Below is a description of the basic principles and procedures of the most recognized methods for teaching a second or foreign language. Approach deals with views; there is a structural view, functional view and interactional view. It sees the language as a vehicle for the realization of interpersonal relations and for the performance of social transactions between individuals. Method is an overall plan for the orderly presentation of language material all of which is based upon the selected approach. A Technique is implementational – that which actually takes place in the classroom.

The Grammar-Translation Approach: (Karl Plotz, H.S.Ollendorf)
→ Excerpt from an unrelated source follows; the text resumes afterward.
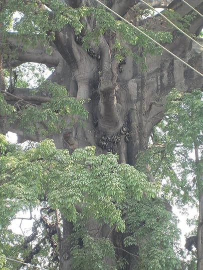 The tree is associated with myths and mysticism in Sierra Leone and is often the subject of artwork. It is home to bats and vultures. Sarah arrived In the dry season, when the tree sheds its leaves. The picture you see was taken during the rainy season when the tree is quite lush.

This approach was historically used in teaching Greek and Latin. The approach

was generalized to teaching modern languages. The goal is to learn a language in order to read its literature and to benefit from the mental discipline and intellectual development Classes are taught in the students' mother tongue, with little active use of the target language. Vocabulary is taught in the form of isolated word lists. Elaborate explanations of grammar are always provided. Grammar instruction provides the rules for putting words together; instruction often focuses on the form and inflection of words. The sentence is the basic unit of teaching and language practice. Reading of difficult texts is begun early in the course of study. Little attention is paid to the content of texts, which are treated as exercises in grammatical analysis. Accuracy is emphasized. Often the only drills are exercises in translating disconnected sentences from the target language into the mother tongue, and vice versa. Little or no attention is given to pronunciation.

Related theories in linguistics, psychology; important reference - The Direct Approach was developed initially as a reaction to the grammar-translation approach in an attempt to integrate more use of the target language in instruction.

The Audiolingual Method:

This method is based on the principles of behavior psychology. It adapted many of the principles and procedures of the Direct Method, in part as a reaction to the lack of speaking skills of the Reading Approach. New material is presented in the form of a dialogue. Based on the principle that language learning is habit formation, the method fosters dependence on mimicry, memorization of set phrases and over-learning. Structures are sequenced and taught one at a time. Structural patterns are taught using repetitive drills. Little or no grammatical explanations are provided; grammar is taught inductively. Skills are sequenced: Listening, speaking, reading and writing are developed in order. Vocabulary is strictly limited and learned in context. Teaching points are determined by contrastive analysis between L1 and L2. There is abundant use of language laboratories, tapes and visual aids. There is an extended pre-reading period at the beginning of the course. Great importance is given to precise native-like pronunciation. Use of the mother tongue by the teacher is permitted, but discouraged among and by the students. Successful responses are reinforced; great care is taken to prevent learner errors. There is a tendency to focus on manipulation of the target language and to disregard content and meaning.

Related theories in linguistics, psychology; important reference – The Audiolingual Method adapted many of the principles and procedures of the Direct Method, in part as a reaction to the lack of speaking skills of the Reading Approach.

There is abundant use of language laboratories, tapes and visual aids. There is an extended pre-reading period at the beginning of the course.